* [WHAT TO PRODUCE]: The full listing should be written out verbatim, and its images should be dropped.

* [COLLECTED MATERIAL]:
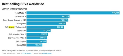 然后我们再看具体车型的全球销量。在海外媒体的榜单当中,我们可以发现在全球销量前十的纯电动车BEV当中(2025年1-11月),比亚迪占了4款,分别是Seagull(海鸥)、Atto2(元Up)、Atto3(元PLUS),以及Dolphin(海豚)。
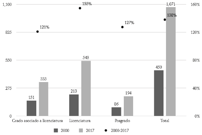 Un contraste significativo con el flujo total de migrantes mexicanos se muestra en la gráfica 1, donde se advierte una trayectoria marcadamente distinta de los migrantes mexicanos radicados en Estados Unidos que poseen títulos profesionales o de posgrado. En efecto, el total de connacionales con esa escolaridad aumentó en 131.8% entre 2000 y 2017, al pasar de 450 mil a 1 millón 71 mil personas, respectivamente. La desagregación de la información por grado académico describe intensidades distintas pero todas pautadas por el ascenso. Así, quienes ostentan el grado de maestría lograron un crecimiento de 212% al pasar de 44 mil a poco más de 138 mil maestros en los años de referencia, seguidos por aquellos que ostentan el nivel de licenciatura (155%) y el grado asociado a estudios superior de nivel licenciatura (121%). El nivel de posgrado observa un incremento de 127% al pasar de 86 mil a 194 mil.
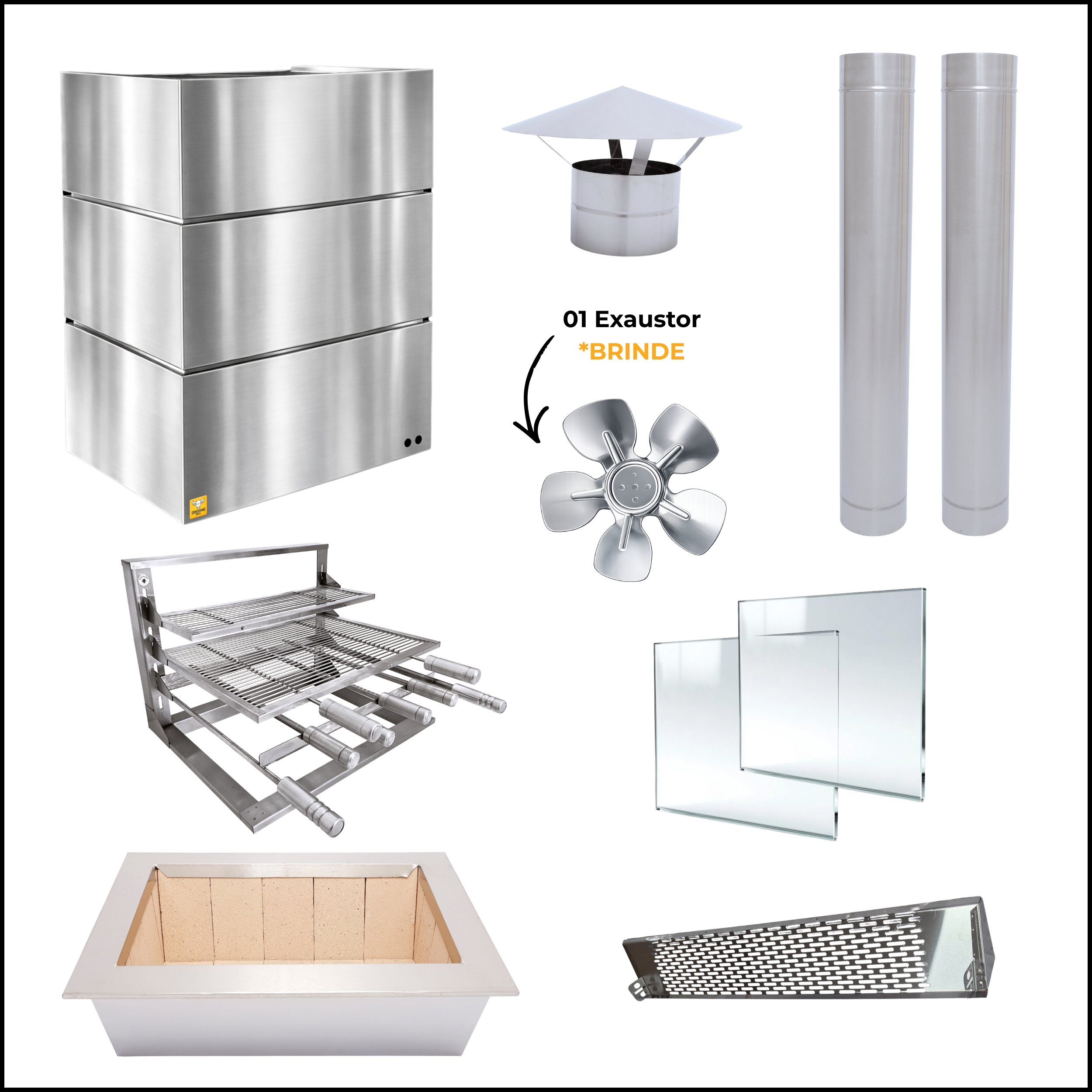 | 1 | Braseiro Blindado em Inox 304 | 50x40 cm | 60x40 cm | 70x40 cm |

* [RESULT]:
 然后我们再看具体车型的全球销量。在海外媒体的榜单当中,我们可以发现在全球销量前十的纯电动车BEV当中(2025年1-11月),比亚迪占了4款,分别是Seagull(海鸥)、Atto2(元Up)、Atto3(元PLUS),以及Dolphin(海豚)。
 Un contraste significativo con el flujo total de migrantes mexicanos se muestra en la gráfica 1, donde se advierte una trayectoria marcadamente distinta de los migrantes mexicanos radicados en Estados Unidos que poseen títulos profesionales o de posgrado. En efecto, el total de connacionales con esa escolaridad aumentó en 131.8% entre 2000 y 2017, al pasar de 450 mil a 1 millón 71 mil personas, respectivamente. La desagregación de la información por grado académico describe intensidades distintas pero todas pautadas por el ascenso. Así, quienes ostentan el grado de maestría lograron un crecimiento de 212% al pasar de 44 mil a poco más de 138 mil maestros en los años de referencia, seguidos por aquellos que ostentan el nivel de licenciatura (155%) y el grado asociado a estudios superior de nivel licenciatura (121%). El nivel de posgrado observa un incremento de 127% al pasar de 86 mil a 194 mil.
 | 1 | Braseiro Blindado em Inox 304 | 50x40 cm | 60x40 cm | 70x40 cm |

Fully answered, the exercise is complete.